Amyr Klink’s 100 Days between Sea and Sky

By Rob Packer

Amyr Klink’s 100 Days between Sea and Sky

The story of the first man to row solo across the South Atlantic from Namibia to Brazil isn’t typical reading material for me (this is despite my own rowing past, and vaguely knowing half of a duo who rowed across the North Atlantic and a former secondary-school teacher and his wife who are about to). In other words, I expected Brazilian explorer Amyr Klink’s account of his 1984 journey, Cem dias entre céu e mar100 Days between Sea and Sky and out of print in English—to be mildly interesting at best. I was wrong: the book is surprisingly fascinating and has made me curious about the sailing expeditions he has done.

Of course, the journey is the focus but what makes the book special are the meditations on Klink’s motivations and meticulous preparations. Sometimes the expedition seems nothing more than the culmination of childhood curiosity developed exploring the mountains and islands around Paraty, a colonial town on the coast between Rio and São Paulo; one of the book’s most memorable sections tells the story of a 12-year-old Amyr going hiking with a friend and coming across a previously unknown quilombo (a village originally of escaped slaves that still exist in parts of Brazil).

This curiosity mixes with a strong influence from the maritime themes that permeate Portuguese literature: for example, while describing the currents that determined his route, Klink quotes Fernando Pessoa, the greatest modern Portuguese poet, and then goes on to say that his route is fundamentally the one followed by Portugal’s 15th-century navigators and mentioned in Camões’ Lusiads, the seminal work of Portuguese literature. After all, the currents used by Vasco de Gama, Diogo Cão, Pedro Álvares Cabral and other Portuguese navigators haven’t changed.

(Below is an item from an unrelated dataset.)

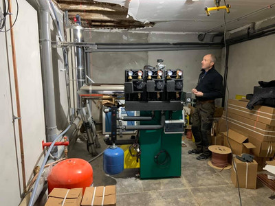 On December 4, 2019 - Boiler connected up and the chimney being installed... closer to heat...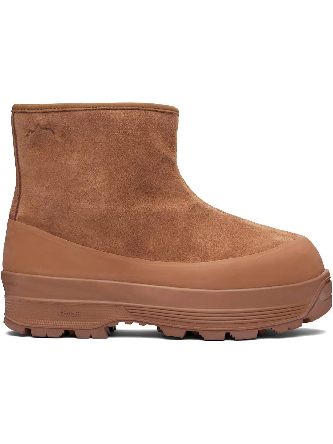 Ankle-high suede boots. · Logo embossed at outer side · Shearling lining · Rubber trim at welt · Treaded Vibram® Sniper Alta rubber sole Supplier color: Cognac suede Upper: leather. Sole: rubber. Made in Italy 261396M223003

Reading the book in the GPS age, though, parts of the book seem like a historical artefact as the on-board navigation tools amount to sextants, chronometers, astronomical calculators and trigonometry; and if it was cloudy at midday, then he couldn’t be sure of where he was. His encounters with dolphins, a crèche of whales, dorados and sharks would likely be much the same today, although who knows for how much longer given the state of the world’s oceans.

Surprisingly, there are no photos—Klink’s camera stays in Namibia after an accident—and the book clocks in at 150 pages. Rather than falling into the trap of a diary format, the chapters are chronologically structured around events and Klink’s own elastic notion of time that was either “so exact as to feel every tenth of a second of every hour or so vague that centuries would mean nothing”. And ultimately, conciseness and a lack of photos allow Klink’s strengths as a storyteller to come to the fore.